▸ **Task description**:
Transcribe only what runs from the line containing "4.アプリ画面にしたがって、冷蔵庫本体をペアリングモードに設定します。" through the final line below, exactly, and leave every picture out.
Supplied data: Begin
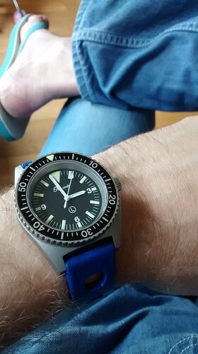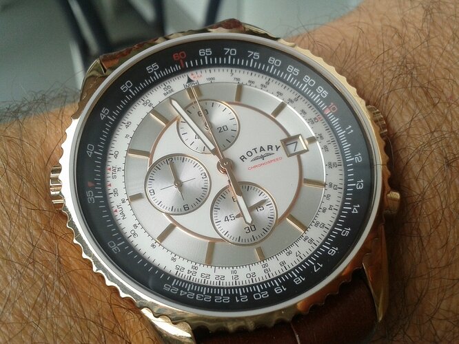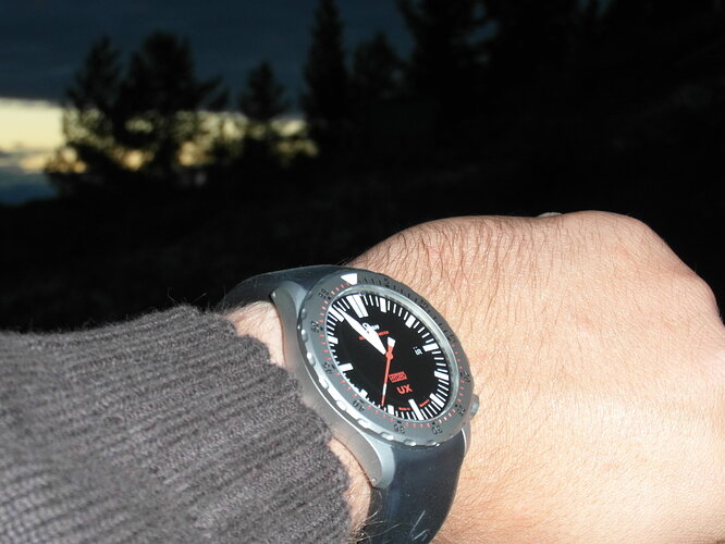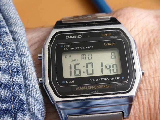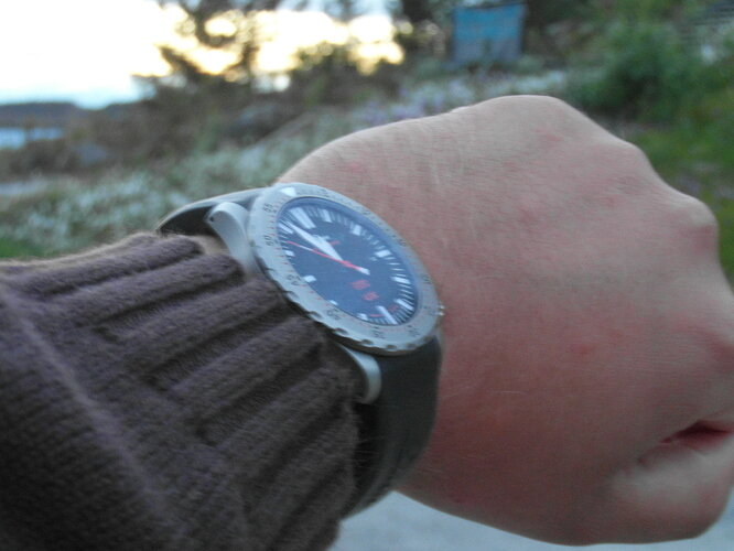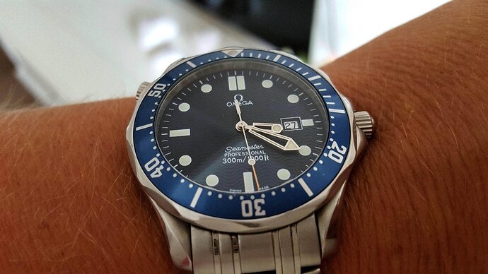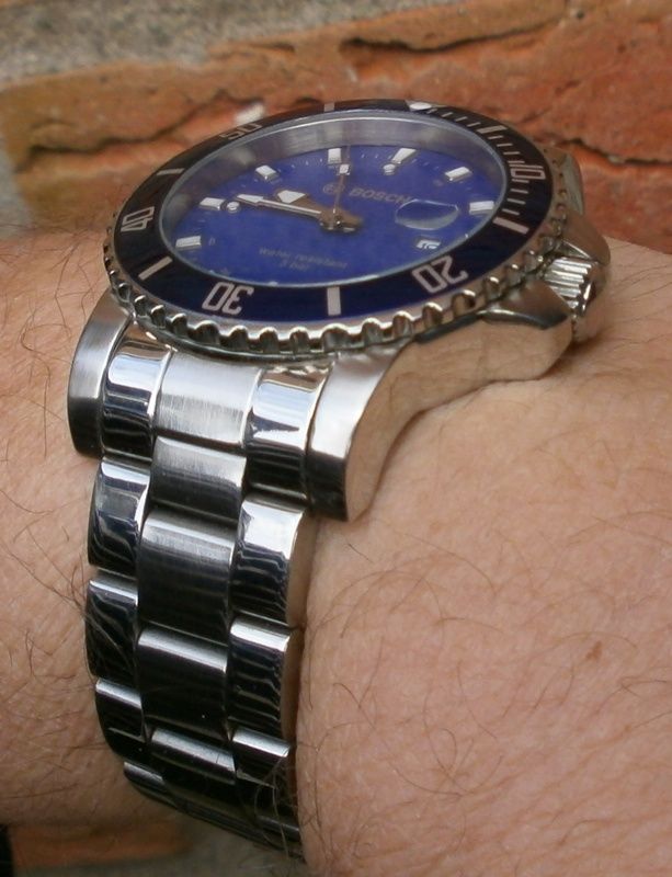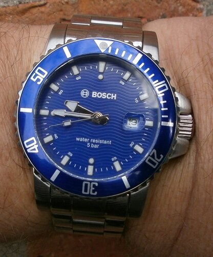 Dit is er zo een. Een leuk Bosch (ja, van de boormachines enzo) horloge met piepklein Miyota quartz loopwerkje erin, maar toch stevig en van degelijk rvs. Solide rvs armband, interne datumvergroter (dus onder het glas), leuke “wave” wijzerplaat en keurige wijzers, die ik niet overal tegenkom (gelukkig niet de alomtegenwoordige imitatie Rolex mercedes wijzer). Toen ik 'm gebruikt kocht (was nergens meer nieuw te koop), was die wat ruw, waarschijnlijk los in een la liggen schuiven, maar na een beetje polijstwerk, zo weer netjes. Inmiddels al een paar keertje het kleine batterijtje moeten wisselen, maar die kosten ook maar weinig, als je een kaartje tegelijk koopt.
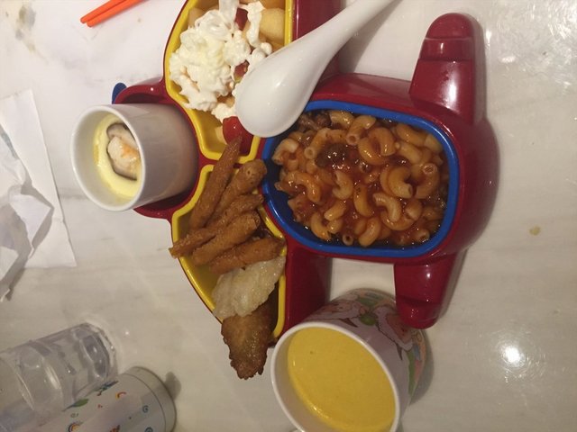 他家的风格还是蛮鲜明的,有点像机场的感觉,套餐做的也还可以的,而且有贴心的宝宝套餐,做的很可爱,是飞机的形状,包含了意大利面,果汁,鸡翅,水果等,宝宝吃的还蛮开心的。…查看更多
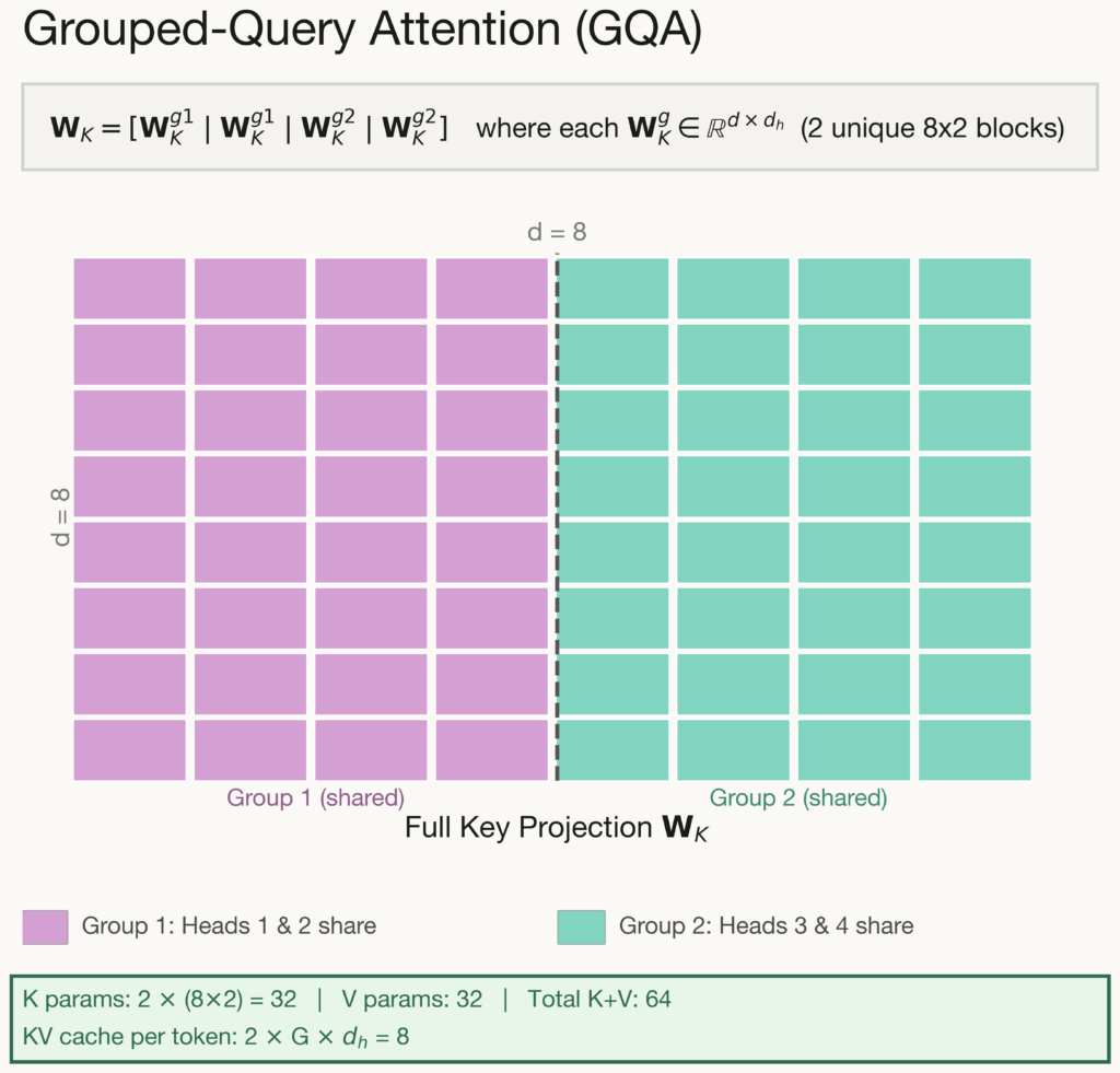 Grouped-Query Attention offers a middle ground between MHA and MQA. Attention heads are divided into G groups, and all heads within the same group share a single key and value projection. In the example above, \(G= 2\): heads 1 & 2 share one projection while heads 3 & 4 share another. This allows groups to specialize in different roles. For instance, one group might focus on local syntax while another captures long-range dependencies. The KV cache reduces from \(2Hd_h\) to \(2Gd_h\) per token. In practice, G is typically set to H/4 or H/8, yielding a 4-8× cache reduction.
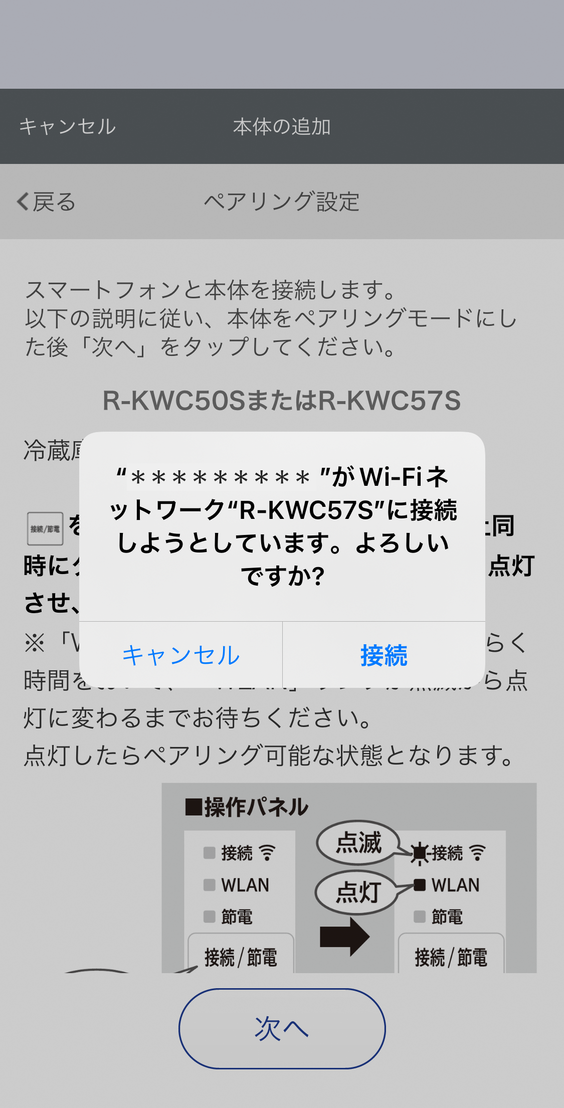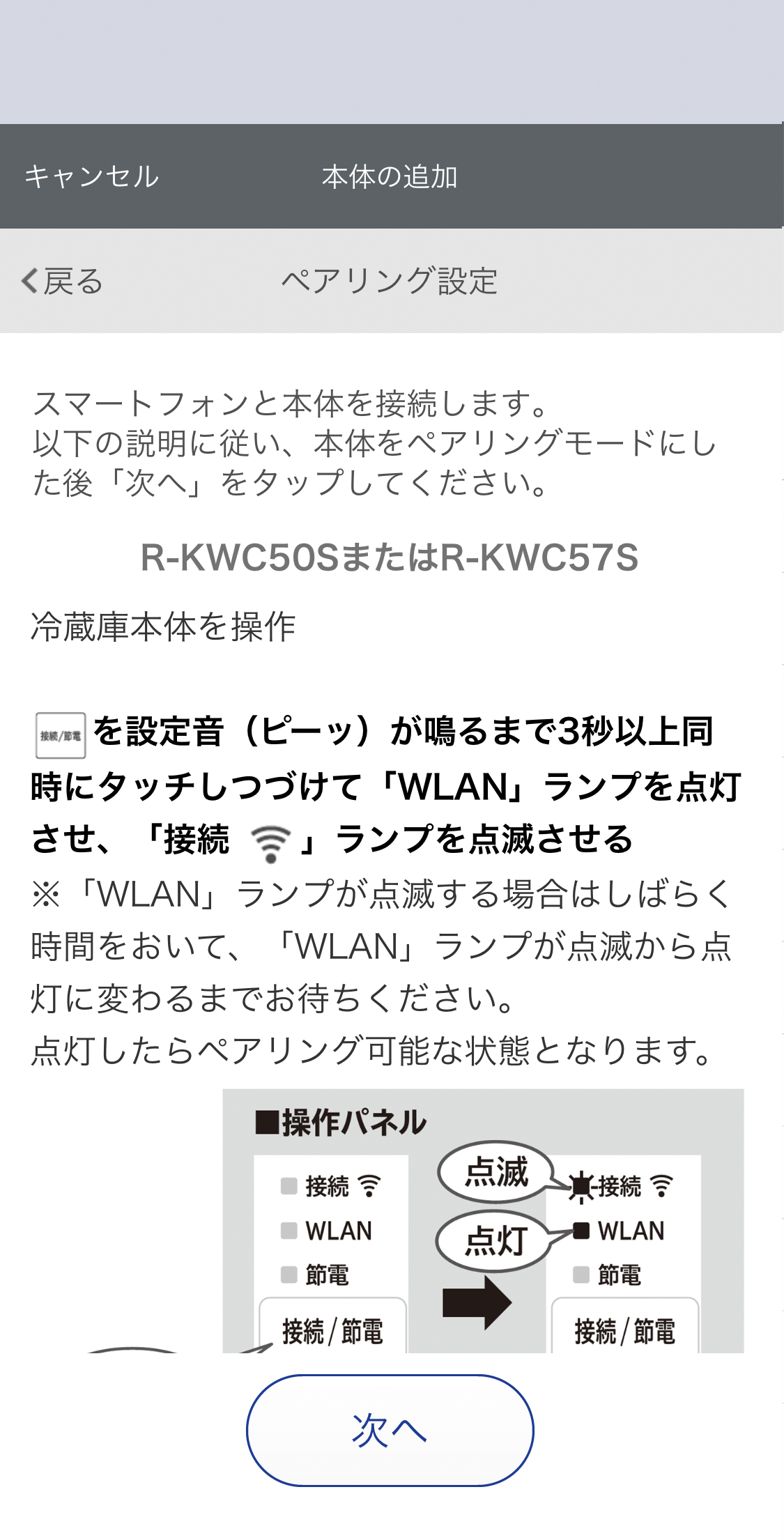 4.アプリ画面にしたがって、冷蔵庫本体をペアリングモードに設定します。
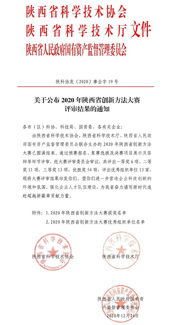 12月30日,陕西省国资委、陕西省科学技术协会、陕西省科学技术厅联合举办2020年陕西省创新方法大赛。测绘院自主研发的“测绘师测评APP软件”在大赛中荣获“优胜奖”。
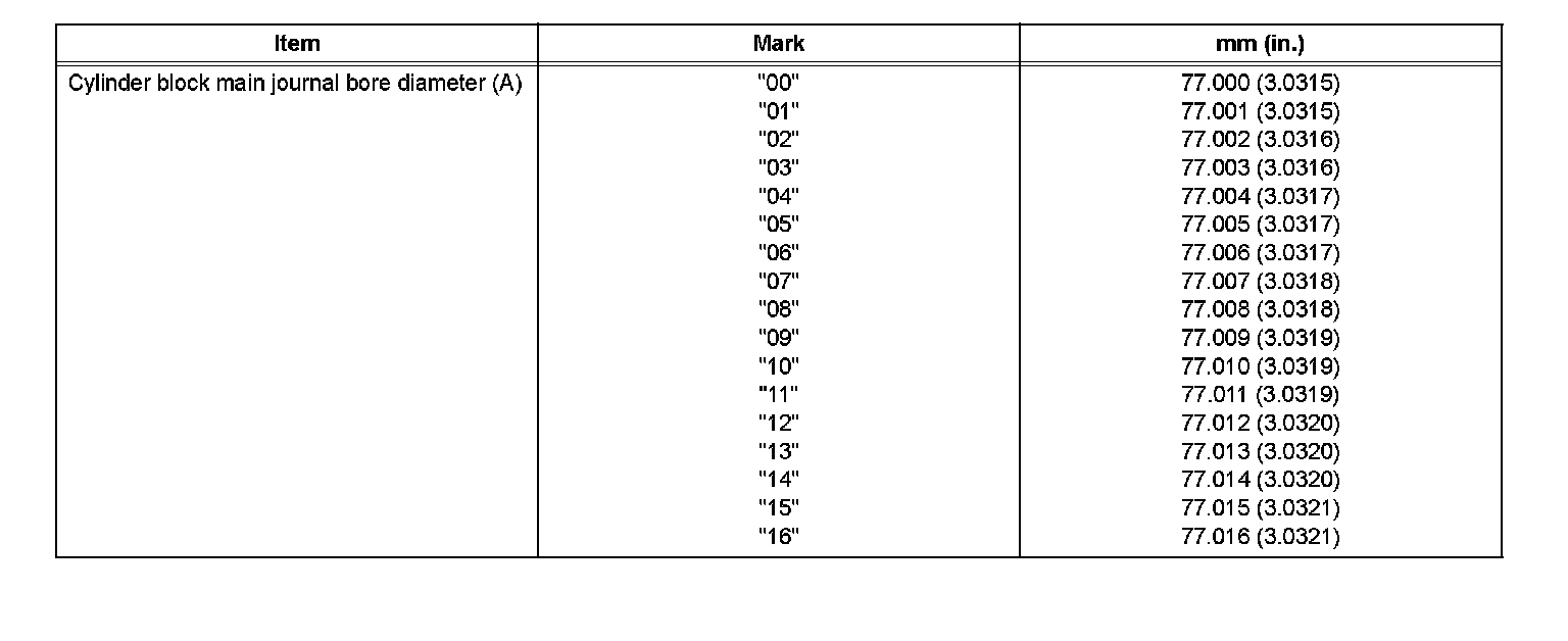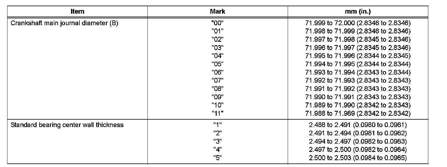 Crankshaft Main Bearing Size Codes
Supplied data: End
▸ **Answer space**:
 4.アプリ画面にしたがって、冷蔵庫本体をペアリングモードに設定します。
 12月30日,陕西省国资委、陕西省科学技术协会、陕西省科学技术厅联合举办2020年陕西省创新方法大赛。测绘院自主研发的“测绘师测评APP软件”在大赛中荣获“优胜奖”。
 Crankshaft Main Bearing Size Codes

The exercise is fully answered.